Anyway,we set off on our mission to change Baht into US dollars. The first hurdle was the fact that Bob realised he had exhausted his travel funds after visits to a couple of different ATMs. A loan from big brother sorted out that problem. We walked into the first bank and asked for US dollars. No have. Time ticking away fast before we had to get to the airport. Fuck. 5 non-compliant banks and half an hour later, a bank security guard pointed us to a money exchange place. He offered us a decent rate based on what we had Googled so we handed over our brick of Baht and he disappeared for 5 minutes out the shop, to return with a paltry few $100 dollar bills in return. Dollars have changed since I last saw one so I wasnt even sure if they were real or not...watermark was there though and our time was running out so we were back to Phong tower to speed-pack our gear, a quick goodbye to Craig and we were taxi bound with a sweaty sigh of relief.
We left Bangkok in a media blaze, not for us this time, but it turns out the Thai Prime Minister was at the airport, something to do with the opening of the airport which had only been open 10 days. She walked within yelling distance as I was standing at passport control, waving at the queues of people...leaving her beloved country. She looked nice.
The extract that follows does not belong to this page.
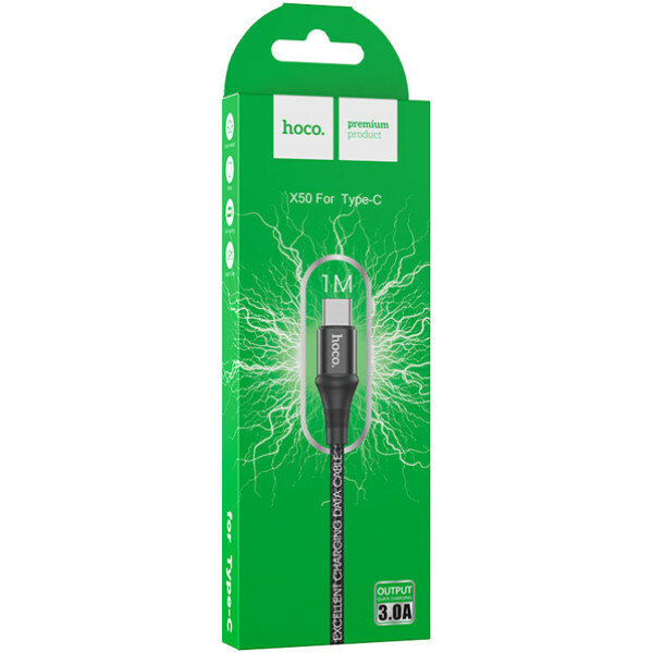 Купить Usb Кабель-зарядка Type-C Hoco X50 Excellent 3A 1м в тканевой оплётке чёрный

We arrived in Myanmar shattered and hanging after our 1 hour 15 minute flight. We spent half the flight filling out the customs declaration and arrival and destination cards, then the smell of fried Thai stuff drifted over as some of the guests who felt it necessary to pre-order food for a flight as long as a bus to Glasgow were served, and we were down. Airports are airports, although the immigrations officer was one of the grimmest puses I have seen in a long time. We saw the aforementioned exchange counter, but the rate was 848 khat to the dollar, not the paltry sum we had heard about. Ever cautious, we exchanged only $200, just to be on the safe side. Turns out later this was just about the best exchange rate available. The government must have wisened up.
We met our hotel dude (first time ever I have seen my name on piece of paper at an airport, yaas living the dream) and with a bunch of other tourists we left the airport for the bus. The first thing I saw was a massive Pepsi billboard with Messi's pus looking down at us. Strange, I thought, the West has arrived indeed.. But hey, Coke reaches the farthest corners of the planet, does it not? Edit: much much later I read in a newspaper advert that Coke and Pepsi is about the only western product to have made into Burma..very recently, so there you have it. The next thing we noticed is 90% of the men wear ankle length purple skirts. The Burmese people look somewhere between Thai and Indian, which geographically makes pretty good sense! We walked past a number of fairly luxurious looking coaches. One was filling up, and as everybody got on there was a guy taking pictures of every single passenger as they boarded. First signs of Big Brother. We continued walking past the luxurious coaches and got to the last bus, a battered indian style chankmobile, laughed, and climbed on. A dude got on and snapped a couple of photos, I thought he was government too, turns out he was just a snap happy, he stayed in the same hotel as us. He looked a bit like an Asian Jonah Lomu.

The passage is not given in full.